[Records for the exercise]

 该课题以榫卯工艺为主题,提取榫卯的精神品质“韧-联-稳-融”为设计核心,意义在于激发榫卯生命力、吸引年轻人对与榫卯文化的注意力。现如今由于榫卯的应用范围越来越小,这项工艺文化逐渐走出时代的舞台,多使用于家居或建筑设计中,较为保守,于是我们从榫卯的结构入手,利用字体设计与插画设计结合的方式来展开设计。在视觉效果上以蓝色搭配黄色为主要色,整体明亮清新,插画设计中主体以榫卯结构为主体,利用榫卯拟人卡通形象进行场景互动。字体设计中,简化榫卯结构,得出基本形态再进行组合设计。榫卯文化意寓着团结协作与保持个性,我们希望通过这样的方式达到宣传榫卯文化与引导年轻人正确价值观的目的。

[/Records for the exercise]
[Records for the exercise]

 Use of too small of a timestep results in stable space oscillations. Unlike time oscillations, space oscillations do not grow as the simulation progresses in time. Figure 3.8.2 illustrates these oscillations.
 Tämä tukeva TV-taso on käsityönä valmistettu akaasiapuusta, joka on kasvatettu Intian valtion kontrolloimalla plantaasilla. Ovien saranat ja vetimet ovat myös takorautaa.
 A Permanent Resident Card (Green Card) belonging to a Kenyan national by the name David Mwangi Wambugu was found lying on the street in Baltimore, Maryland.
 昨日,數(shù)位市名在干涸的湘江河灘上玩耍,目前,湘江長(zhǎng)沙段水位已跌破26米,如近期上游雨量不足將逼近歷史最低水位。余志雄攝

[/Records for the exercise]
[Records for the exercise]

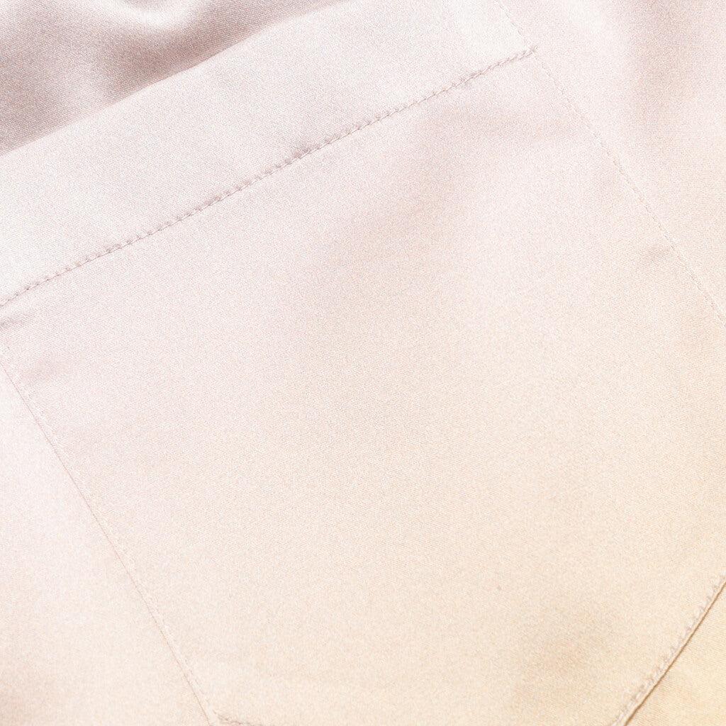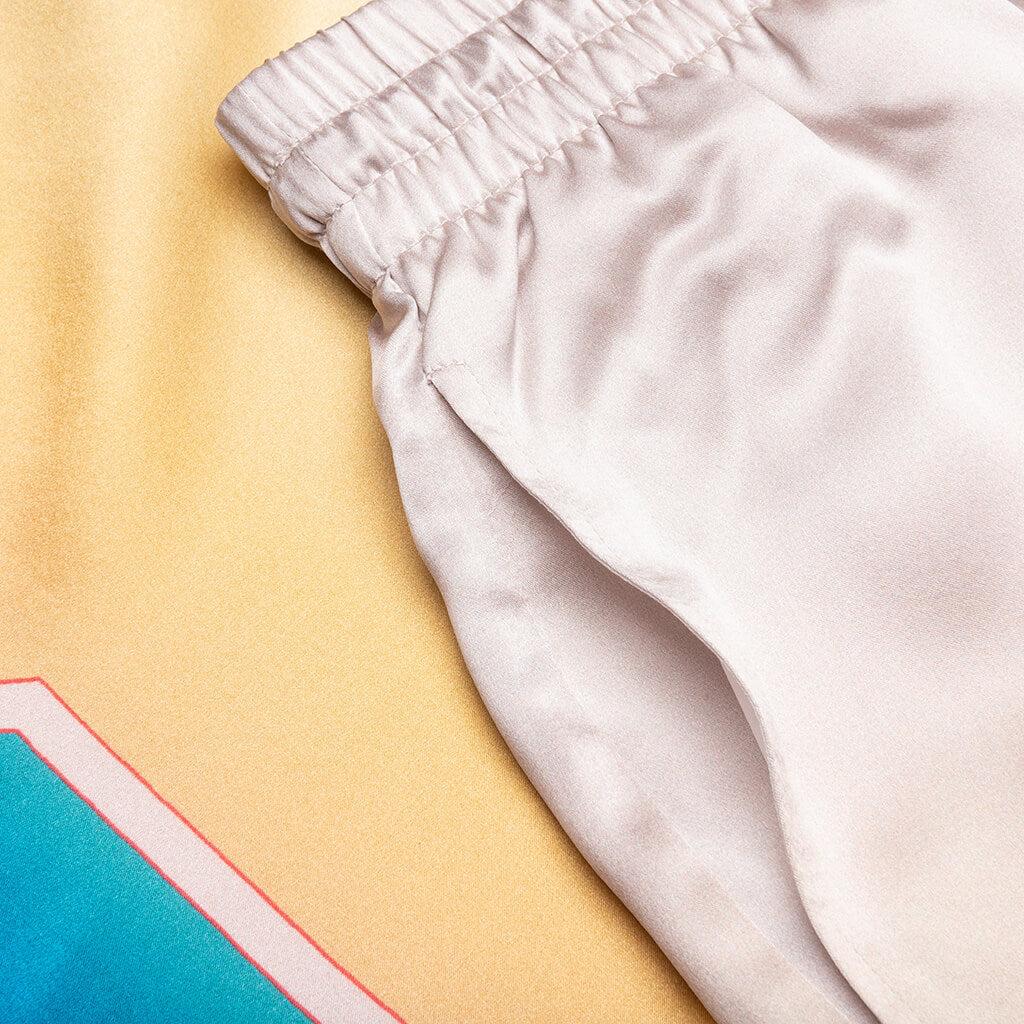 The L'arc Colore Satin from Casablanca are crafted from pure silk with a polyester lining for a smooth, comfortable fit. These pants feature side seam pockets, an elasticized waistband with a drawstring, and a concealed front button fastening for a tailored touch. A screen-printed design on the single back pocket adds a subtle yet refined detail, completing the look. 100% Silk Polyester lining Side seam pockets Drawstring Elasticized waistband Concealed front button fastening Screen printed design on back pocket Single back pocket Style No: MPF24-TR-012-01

[/Records for the exercise]

Task instructions
Only the lines above from the one with "A Permanent Resident" through the one with "昨日,數(shù)位市名在干" should be duplicated, character for character.

Solution below
 A Permanent Resident Card (Green Card) belonging to a Kenyan national by the name David Mwangi Wambugu was found lying on the street in Baltimore, Maryland.
 昨日,數(shù)位市名在干涸的湘江河灘上玩耍,目前,湘江長(zhǎng)沙段水位已跌破26米,如近期上游雨量不足將逼近歷史最低水位。余志雄攝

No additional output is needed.